I recently celebrated my wedding anniversary, having been married to the same woman for thirty-one years without ever straying. Newt Gingrich has been married three times, divorced one wife while she was recovering from surgery, and has had extra-marital affairs.
Guess who is considered the defender of traditional sexual morality?
It’s a strange situation where the political party with more ex-wives than candidates, that houses and defends a disturbingly amoral network of fundamentalist operators, is regarded as the protector of the sanctity of the family. They’re anything but.
I think I understand, though—it doesn’t matter what you do, all that matters is what you say. The Republicans support a version of marriage that rests on tradition, authority, and masculine dominance, and everything they do props up one leg of the tripod or the other. Public piety reinforces religious tradition; the insistence that there is one true form of marriage, between a man and a woman, which represents a legal and social commitment is part of the authoritarian impulse; and of course, if a man steps out of the matrimonial bounds, it’s an expression of machismo and patriotism and entitlement. In a March 7 interview with the Christian Broadcast Network’s David Brody, Gingrich explains his own marital infidelity like this:
There’s no question at times of my life, partially driven by how passionately I felt about this country, that I worked far too hard and that things happened in my life that were not appropriate. And what I can tell you is that when I did things that were wrong, I wasn’t trapped in situation ethics, I was doing things that were wrong, and yet, I was doing it. I found that I felt compelled to seek God’s forgiveness.
Gingrich was cheating on his wife, but it’s OK — because he also tells us that it was wrong and inexcusable, and then he wraps it all up in God and country to make excuses for it. Hypocrisy is acceptable as long as the right words are said to reinforce the public face of propriety.
Now look at those dirty rotten hippies, like me. We say the ties between a couple should be made with respect and affection, not the strictures of law and precedent; letting gays marry, for instance, strengthens the public approval of our kinds of bond, while weakening the authoritarian bonds. Our ideal is a community of equals, while theirs is a hierarchy of power, a relic of Old Testament values in which marrying a woman was like buying a camel, a certification of ownership, and nothing must compromise the Big Man’s possession of properties.

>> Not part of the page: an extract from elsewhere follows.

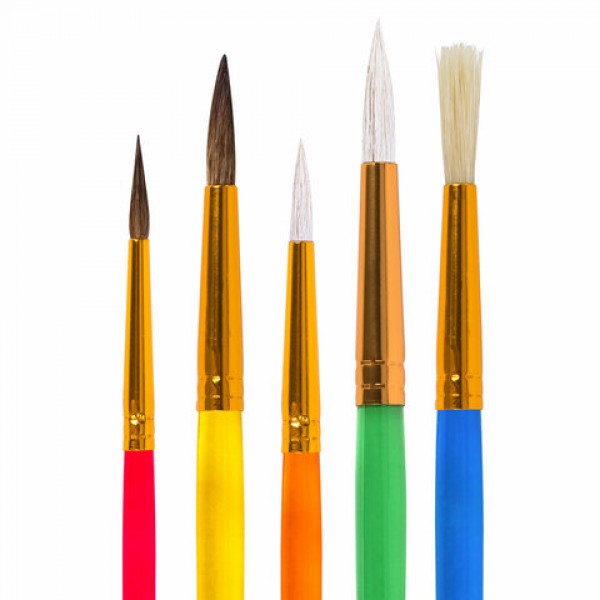 Набор из пяти кистей разного размера и типа ЮНЛАНДИЯ позволяет начинающим художникам решать любые творческие задачи в детском саду, школе и дома.

If we strip marriage of the asymmetry of power, as we must if we allow men to marry men and women to marry women, then we also strip away the man and wife, dominant and submissive, owner and owned, master and servant relationship that characterizes the conservative view of marriage. This is what they want to preserve, and this is what they are talking about when people like Gingrich echo those tired phrases about “Judeo-Christian values” and complain that their “civilization is under attack”. And it is, when we challenge their right to treat one partner, so-called, as chattel.

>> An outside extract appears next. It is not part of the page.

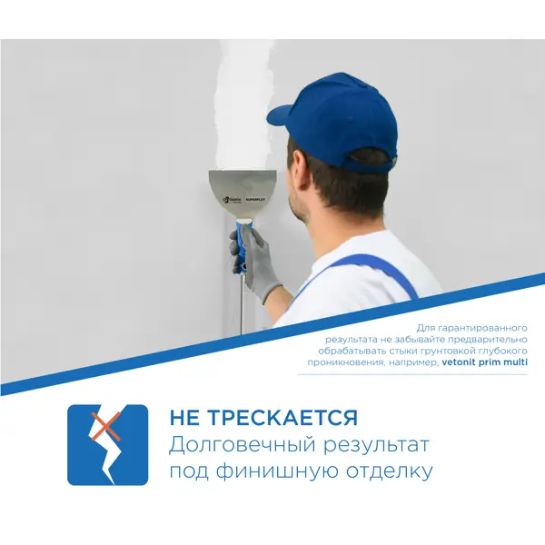 **Шпаклевка гипсовая для швов Гипрок Superflot** — высокопрочный и безусадочный состав, который позволяет тщательно заделать стыки разного типа. Его можно использовать без ленты в кромки ПЛУК и расшитой V-образной кромке. Готовое покрытие не трескается, обеспечивая долговечную основу под финишную отделку. Так как шпаклевка не дает усадки, то поверхность получается ровной и подходящей для дальнейшего нанесения любых материалов. Возможность использования без ленты позволяет сэкономить время и ускорить строительный процесс. Состав является пластичным, то обеспечивает высокий комфорт в работе. При помощи такой шпаклевки можно не только заделывать стыки ГСП, ГВЛ, но также исправлять дефекты на поверхности гипсовых материалов и монтировать декоративные элементы. Для достижения наилучшего результата следует соблюдать технологию нанесения. ### Особенности: - вес продукции — 20 кг; - для внутренних работ в любых типах зданий и сооружений; - белый цвет не просвечивает сквозь финишное покрытие;

And once you look at it that way, you see no abuse of their values when Gingrich goes tomcatting around—he’s simply asserting his traditional privilege as the Man.
Paradoxically, though, it turns marriage into a brittle business where women are stressed by subservience and oppression (believe it or not, women are human beings who might resent being treated as servants), and men feel it is their right possess any woman willing to surrender to them. It’s not surprising that their relationships break up in courtroom battles.

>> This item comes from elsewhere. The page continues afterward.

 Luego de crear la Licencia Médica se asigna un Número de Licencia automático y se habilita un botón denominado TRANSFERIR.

I don’t condemn Gingrich for getting divorced, since it just means that so far he has managed to make a couple of women very happy twice. It’s also paradoxical that I see absolutely no problem in dissolving those bonds — if two people aren’t happy together, they should separate — and that that attitude might also make a marriage stronger.
I know. I’ve been married for thirty-one years, and my relationship with my wife is solid. Not because I’ve got her shackled with a prenup, a pile of legal documents, and a willingness to abuse her to keep her in her place, but because we’re comfortable together, she with me and me with her, and there’s no stresses that might tear us apart. With both of us in academic careers, there have been years where we’ve had to live apart, and those separations have been made with complete trust in one another — while we’ve both had times when we’ve “worked far too hard,” and we’ve been “driven” by passions for our work, strangely enough it never seems to have the side effect of sending us shopping for a different mate.
So, just a suggestion: if you want a relationship that lasts, don’t rely on god, lawyers, and social pressure to force it to work. Love and reciprocal trust are the only chains that last, and the only ones that make you feel happy while wearing them.
I think those are the “secular, atheist” values that Newt and his ilk find heretical and threatening. Those values allow me to sit smug and content in a happy home while watching authoritarians discard wives.